Qu’en pensez-vous, Madame Chose ?

Une fille qui gère mal ses émotions

Chère vous,

Je trouve votre histoire d’une tristesse infinie. Pas qu’elle soit plus particulière ou originale qu’une autre. Les histoires de couchette au bureau, ce n’est pas tellement surprenant ni nouveau. « Plus ça change, plus c’est pareil », dirait ma mère. Non, ce que je trouve triste dans ce que vous me racontez, c’est que je constate qu’une fois de plus, c’est la femme qui paie le prix de l’incartade. Vous allez peut-être me trouver dure et me traiter de féministe enragée derrière mon dos, mais peu importe. Je trouve ça scandaleux que vous envisagiez de quitter votre emploi ou de vous déclarer malade pour ne pas croiser celui avec qui vous avez entretenu une liaison. Et, même si monsieur n’est pas là pour se défendre, je suis prête à parier qu’il n’a jamais songé à faire la même chose pour vous épargner la souffrance et l’humiliation de le côtoyer tous les jours près de la machine à café.

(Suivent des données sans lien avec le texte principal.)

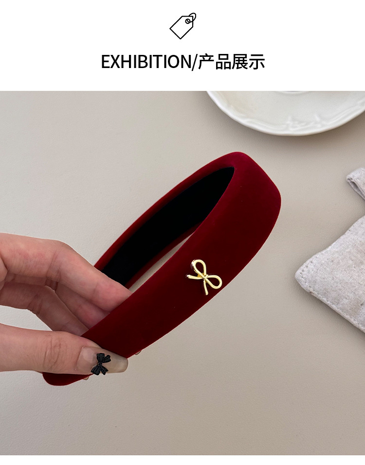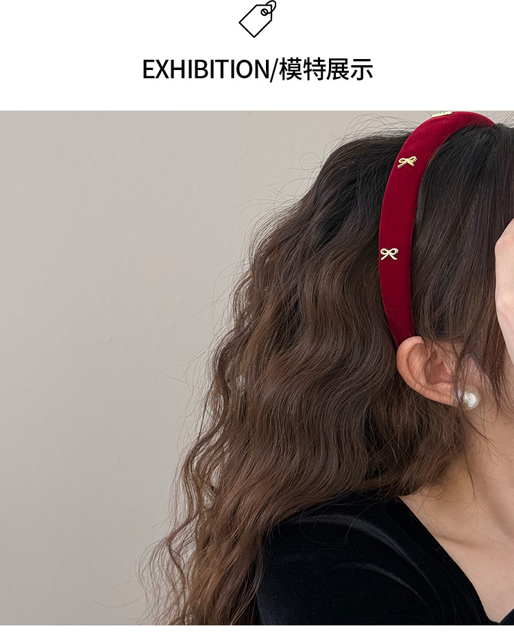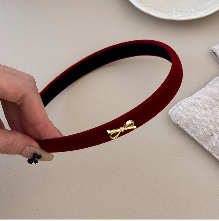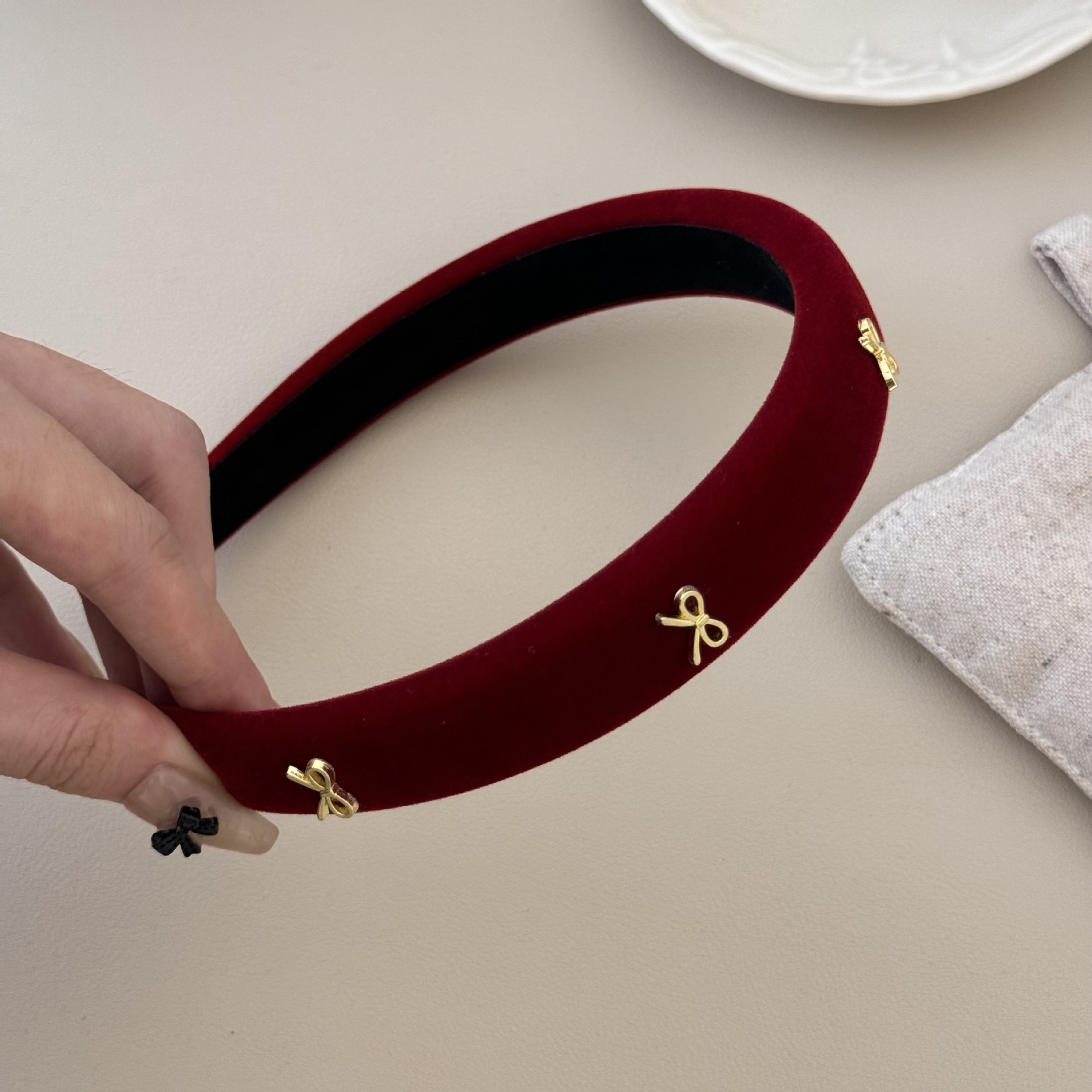 2024新款法式秋冬复古蝴蝶结绒面发箍高级安可拉红显白头箍发饰品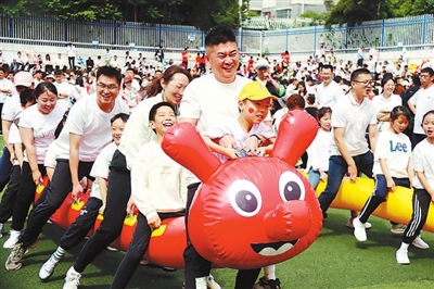 青島市西海岸新區(qū)太行山路小學(xué)開(kāi)展親子運(yùn)動(dòng)會(huì)。學(xué)校供圖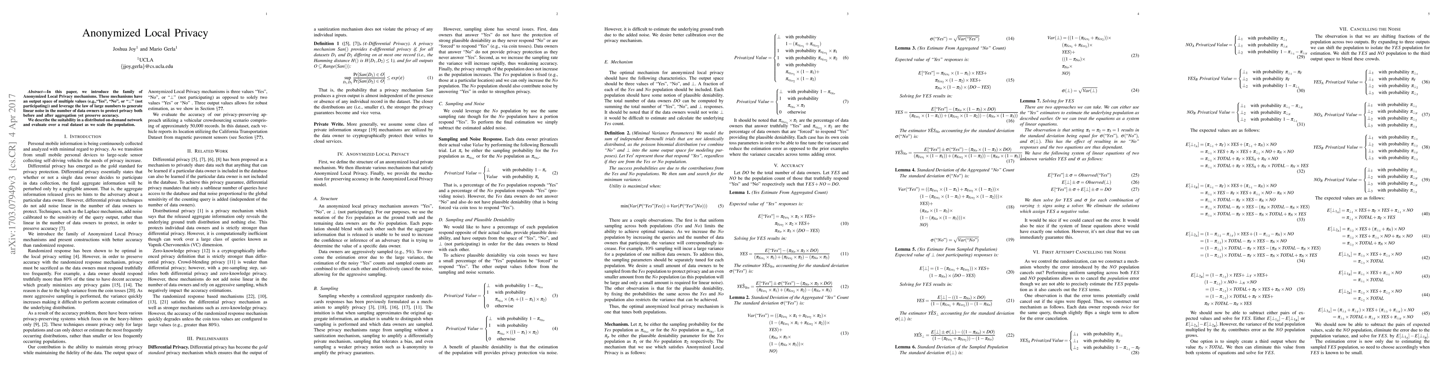 The paper introduces Anonymized Local Privacy mechanisms with an output space of 'Yes', 'No', or '$\perp$' (not participating), leveraging the law of large numbers to add linear noise proportional to the number of data owners for privacy protection both before and after aggregation, while preserving accuracy.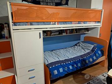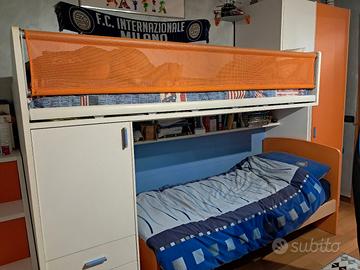 Vendo cameretta completa a ponte salvaspazio di alta qualità, marca Moretti Compact ,Ideale per ottimizzare lo spazio in camerette per bambini o ragazzi. La composizione è robusta e versatile.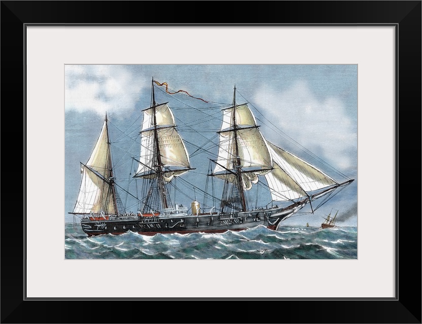 <p>Frigate 'Blanca' of the Spanish Navy aimed at a voyage of circumnavigation. Engraving by Capuz in 'The Spanish and American Illustration, ' 1886. Colored.</p>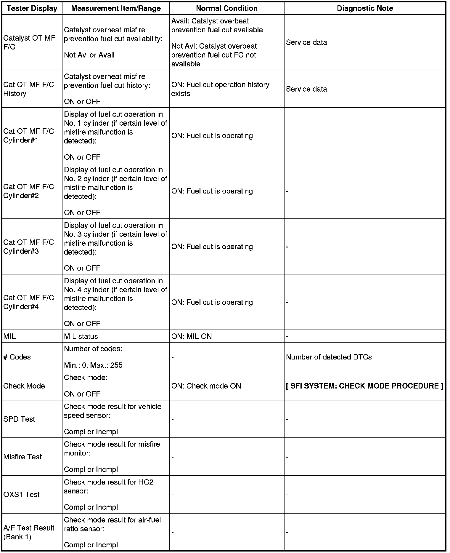 NOTICE: *3: If the display of the Data List's Catalyst OT MF F/C item is Not Avl, perform this Active Test with the vehicle stopped and the engine idling. If the display of the Data List's Catalyst OT MF F/C item is Avail, perform this Active Test as described below.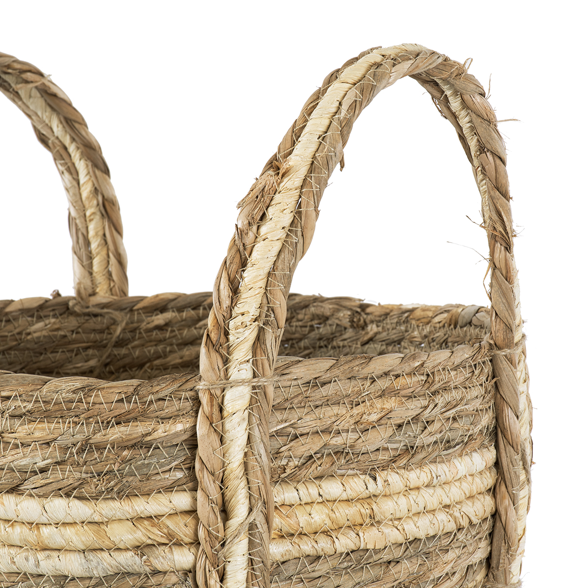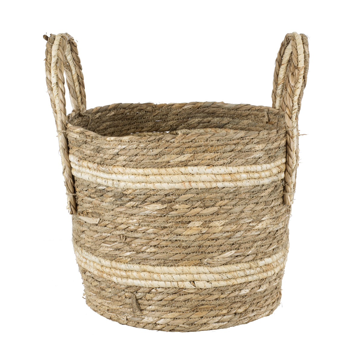 GloboStar® Artificial Garden NAXOS 20333 Διακοσμητικό Πλεκτό Καλάθι - Κασπώ Γλάστρα - Flower Pot Μπεζ με Καφέ Φ30cm x Υ26cm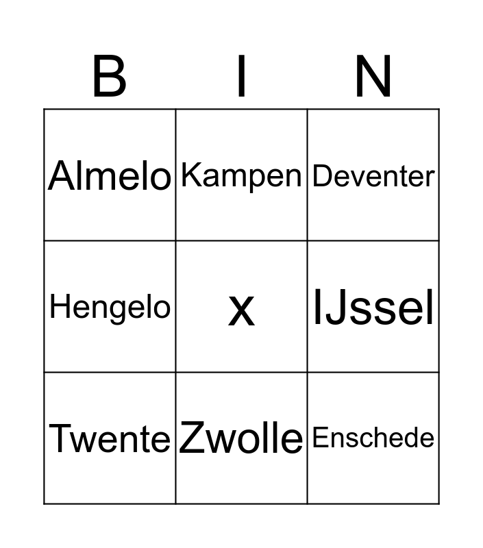 This bingo card has a free space and 10 words: Zwolle, Deventer, Almelo, Enschede, Hengelo, Twente, Kampen, Sallands Heuvelrug, IJssel and Overijssel.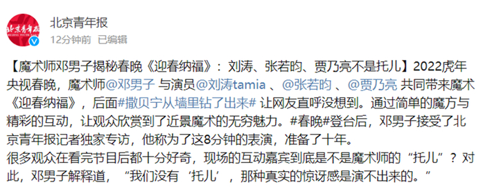 历年央视春晚除了歌舞、语言类等节目外,魔术也是观众最期待的节目之一。2022虎年央视春晚,魔术师邓男子与演员刘涛、张若昀、贾乃亮共同带来魔术《迎春纳福》。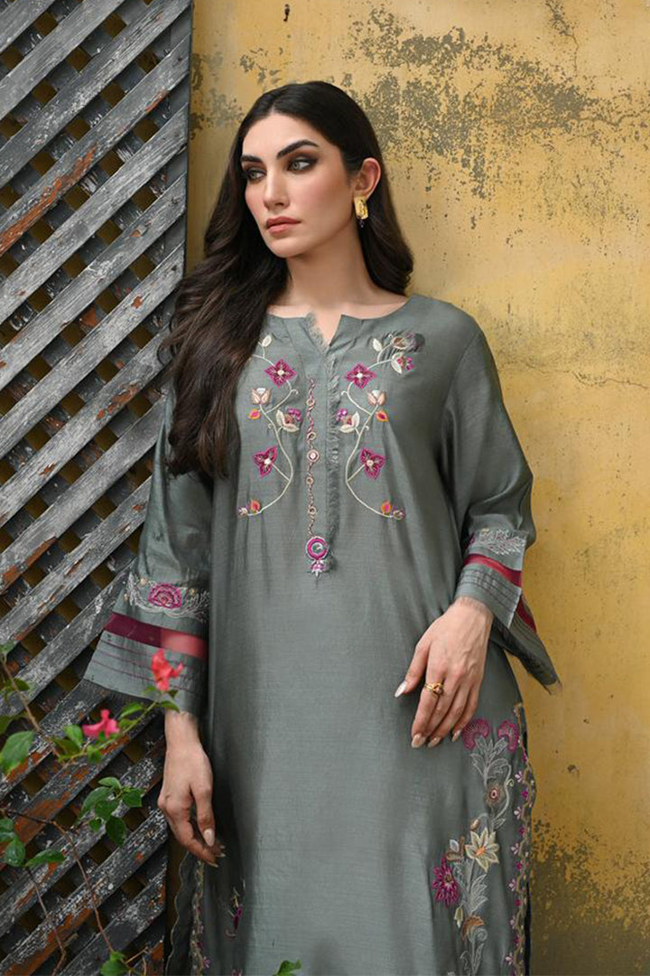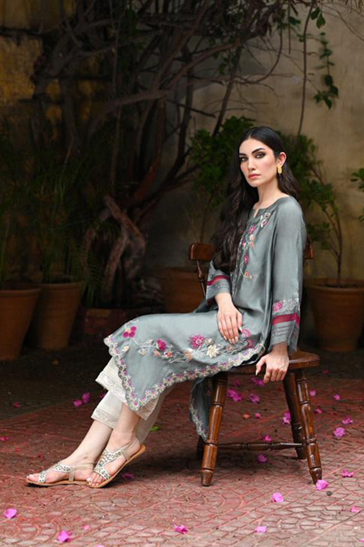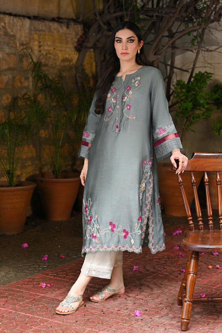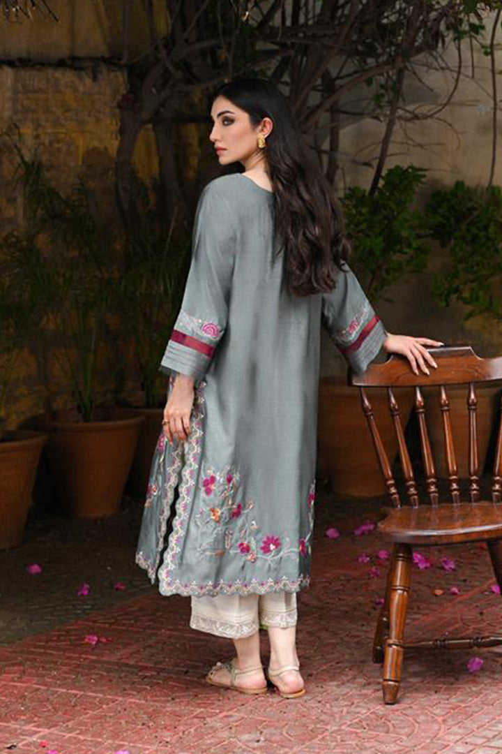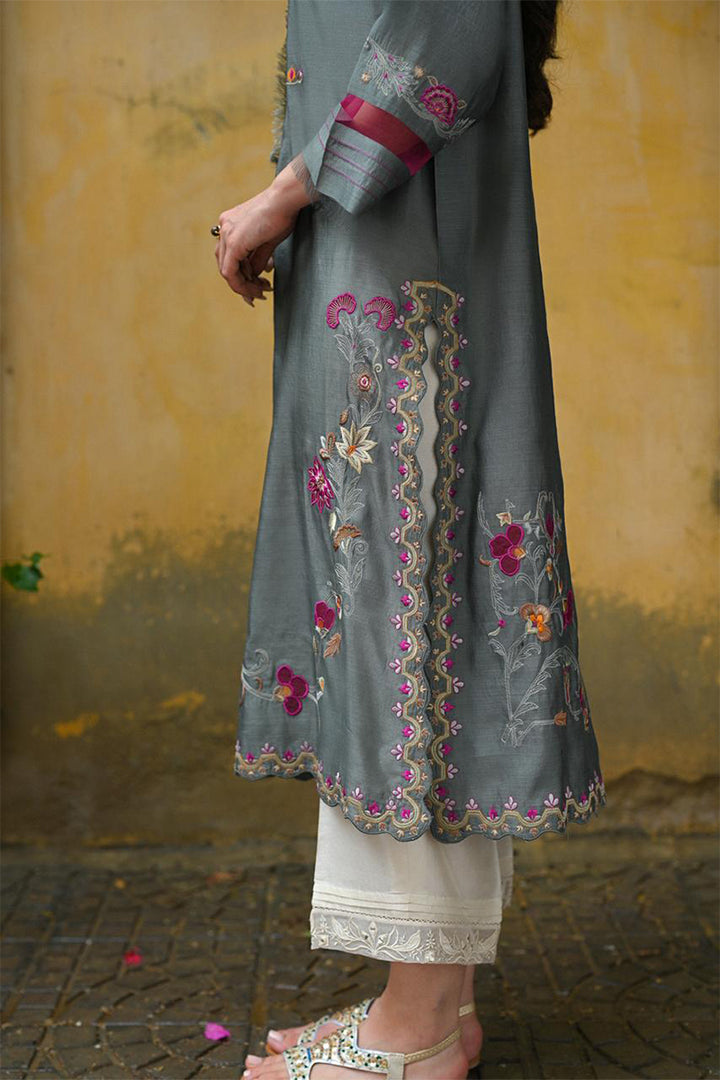 This Khaddi Silk kurta features intricate mirror work, machine embroidery, resham, and appliqué detailing. The neckline stands out with handcrafted jute work. It is designed with pleats and shredding on the sleeves and finished with scalloped edges on the hem and choks. This Kurta blends tradition with modern flair.

Dans ces affaires de couchette-là, ce sont toujours, ou presque, les femmes qui s’effacent ou qui démissionnent. Comme si on voulait faire oublier à l’autre qu’on avait déjà existé afin de lui épargner les complications liées à cette aventure. Si j’étais vous, je ne ferais pas ça. Partir, je veux dire. Ce serait lui rendre la vie trop facile. Moi, j’irais le voir, lui déclarerais mes sentiments et lui expliquerais clairement ce que ça me fait de devoir travailler avec lui à la semaine longue. En même temps, vous écrivez n’avoir jamais osé avouer votre amour à ce collègue par peur du rejet. Ne serait-ce pas plutôt parce que vous connaissez déjà la réponse ? Peut-être qu’au fond de votre cœur, vous le savez qu’il restera avec sa femme et ses jeunes enfants. Peut-être aussi que vous n’êtes pas sa première aventure, ni sa dernière d’ailleurs. Ça aussi, m’est d’avis que vous devez avoir votre petite idée là-dessus. « Plus ça change, plus c’est pareil », dirait ma mère.

P.S. : Je n’ai pas abordé la question de votre mari et de vos jeunes enfants parce que j’imagine que vous vous êtes déjà demandé ce que ça vous ferait si c’était lui qui s’envoyait en l’air avec une collègue de travail. Vous avez sûrement aussi songé à l’effet que pourrait avoir cette liaison sur votre famille. Je ne sais pas si votre époux est du genre à pardonner ou à vous demander de faire vos valises sur-le-champ, je sais juste que dans les deux cas, vous allez manger ça chaud pour un bout si jamais ça vient à ses oreilles que vous êtes une infidèle. Je vous invite aussi à vous questionner sur le pourquoi de cette infidélité. Vous m’avez dit que vous viviez une situation chaotique à la maison. J’imagine qu’en clair, ça veut dire que ça va mal dans votre mariage. « Du chaos naissent les étoiles », disait l’autre. Pensez donc à ça, la prochaine fois, avant de vous envoyer en l’air sur la photocopieuse.